# how to install ubuntu direct from install menu rather than first run it thru live cd



## arunks (Aug 28, 2006)

hey any body tell me is there any way that i can install ubuntu 6.06 direct from the menu that is presented when i insert live kum install cd in cdrom..

i mean in usual way it first starts and loads ubuntu with cd only and then on the desktop there is a icon "install"

on clicking that icon installation starts..

but i dont wanna go to that desktop as my computer hanged many times during that.

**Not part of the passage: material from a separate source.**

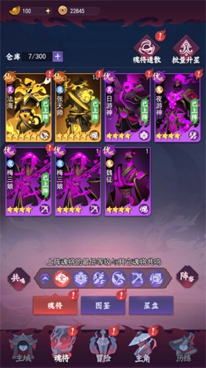 7、在主界面点击魂将按钮能够为你的角色提升等级,等级提升后角色会具备更强大的战斗力。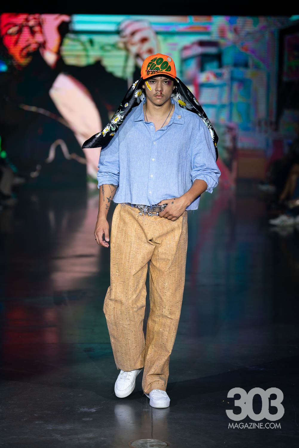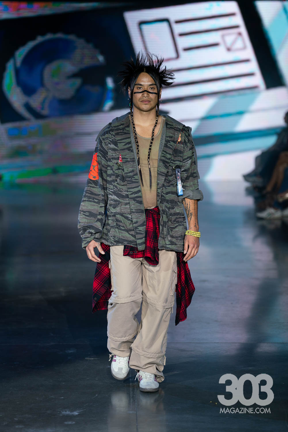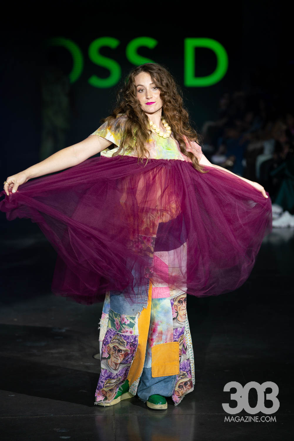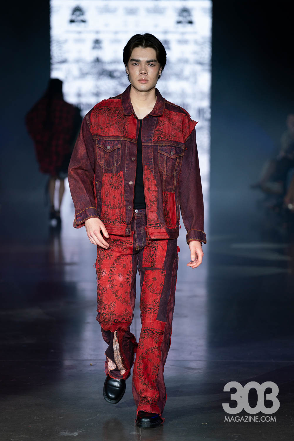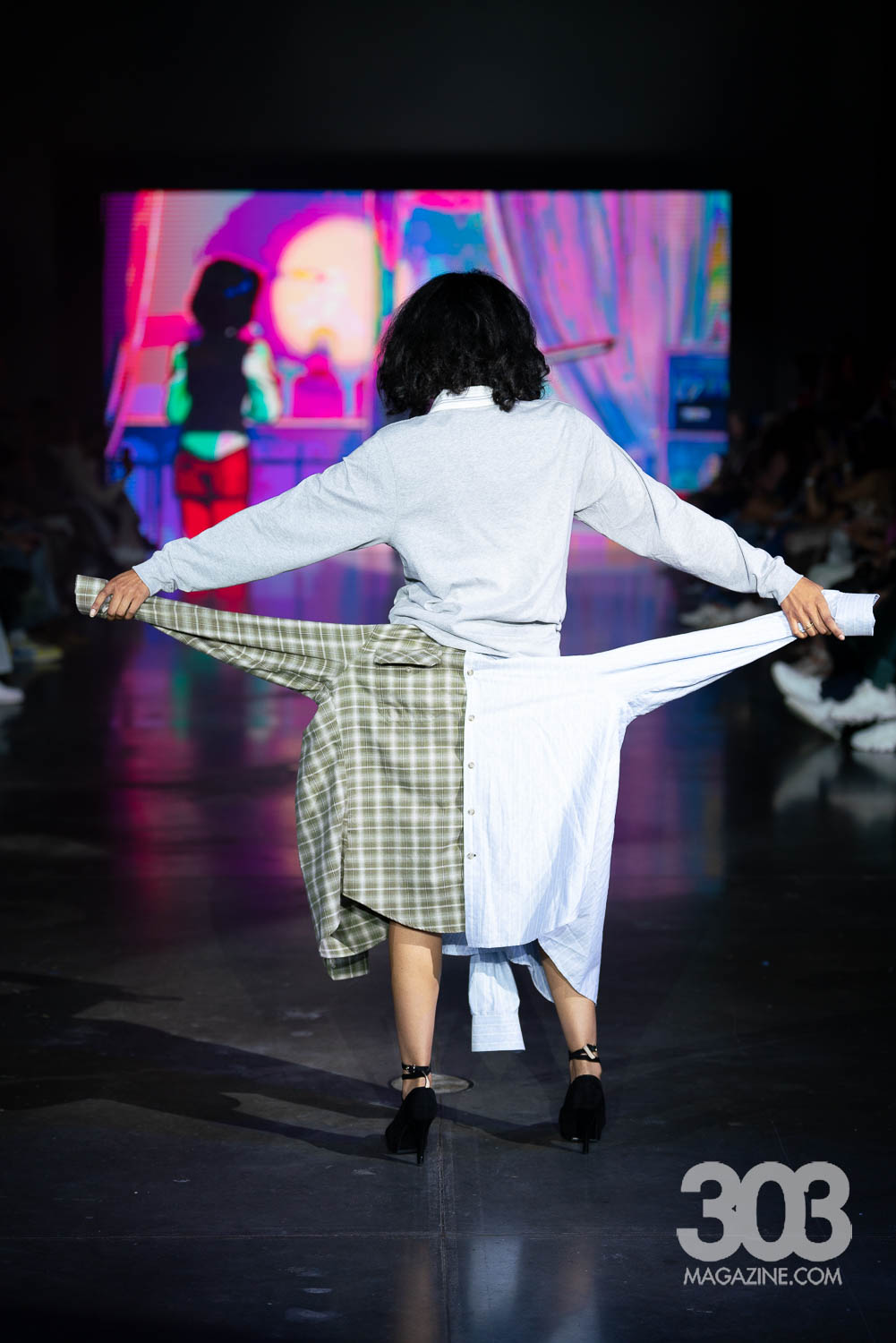 Flash + Rose’s runway look “For The Grrrls,” radiated pure tough-girl energy, turning the catwalk into a battleground of bold confidence and fearless fashion. The first model was a co-founder of Girls Skate Denver, an organization that empowers girls and builds confidence through skating. She skated down the runway to open the collection, setting a gritty energy for the rest of Flash + Rose’s segment.

SO i wanna install like fedora core 5 starts installation just from the install menu provided in start when we enter its bootable cd..

so guys help me fast plz


----------



## gary4gar (Aug 28, 2006)

for this u need a Alternate install CD
*ftp.wayne.edu/linux_distributions/ubuntu/6.06/


----------



## arunks (Aug 28, 2006)

hey guys tell me is this correct solution


----------



## JGuru (Aug 28, 2006)

@Desmataks,  You need to understand the point that Ubuntu 6.06 comes with Live CD
 & Install CD wrapped into one. So first it boots as a Live CD & after that you can
 click on the 'Install' icon on the desktop to start the Installation. The previous releases
 of Ubuntu came with a separate CD for Install & Live CD. Now ,from Ubuntu 6.06
 it comes with Live CD & Install CD (this saves the Ubuntu team money!!).
 You can order a Ubuntu DVD from Amazon.com from here
 You can install directly from the DVD. I think that's what you want.
 So get the Ubuntu DVD or download the 'Alternate CD' ISO image, from the link
 @Gary has provided.


----------



## arunks (Aug 28, 2006)

ok thanx jguru ...
__________
can u tell me why my pc hangs there and also it has resolution of 640x480 ehy is it so and it doesn't provide option to change resolution other than that during installtion from live cd


----------



## JGuru (Aug 28, 2006)

@Desmataks, to solve your PC hangs problem. Boot Ubuntu in 'Safe Graphics Mode',
 I think the options are available for VGA by pressing the F4 key.
 Since the Monitor you are  using is not a SamSung, or ViewSonic or a well-known
 brand, but a local-one, the Ubuntu monitor driver is not compatible with your Monitor.
 So you get the erratic display setting '640x480'. I use a SamSung 17' CRT, which
 Ubuntu correctly sets the screen resolution at '1280x1024'.


----------



## plsoft (Aug 30, 2006)

@Jguru-Facing the same prob as desmataks. It runs fine as a live cd but when i try to install it, the process hangs on step 5 i.e. preparing partition. I tried it with my frens pc which has AMD  3000+ with Gigabyte K8N51GMF mobo but the same prob persists. I have checked the disk for checksum error but it doesn't show any error. I have tried the suggestion u made for Desmataks but in vain.

My config:
Intel 2 ghz
256 mb ram
80 gb hdd
Asus P4v533-mx
LG L1515S LCD monitor.


----------



## gary4gar (Aug 31, 2006)

^^^^
man the desktop cd from ubuntu is buggy. me to tried to install it many times but failed!. just install thorugh alternate install cd


----------



## plsoft (Aug 31, 2006)

Solved the prob . I just created a disk partition of 10 gb, earlier my disk was not free. After that i tried to install ubuntu n it installed fine. However i still can't understand why it can't continue n just create a new partition in my earlier case. Nways the installation was quite slow.


----------



## QwertyManiac (Aug 31, 2006)

Good thing you did it .. 

Were you going in manual or auto partition ?


----------



## plsoft (Aug 31, 2006)

I went for the manual partition


----------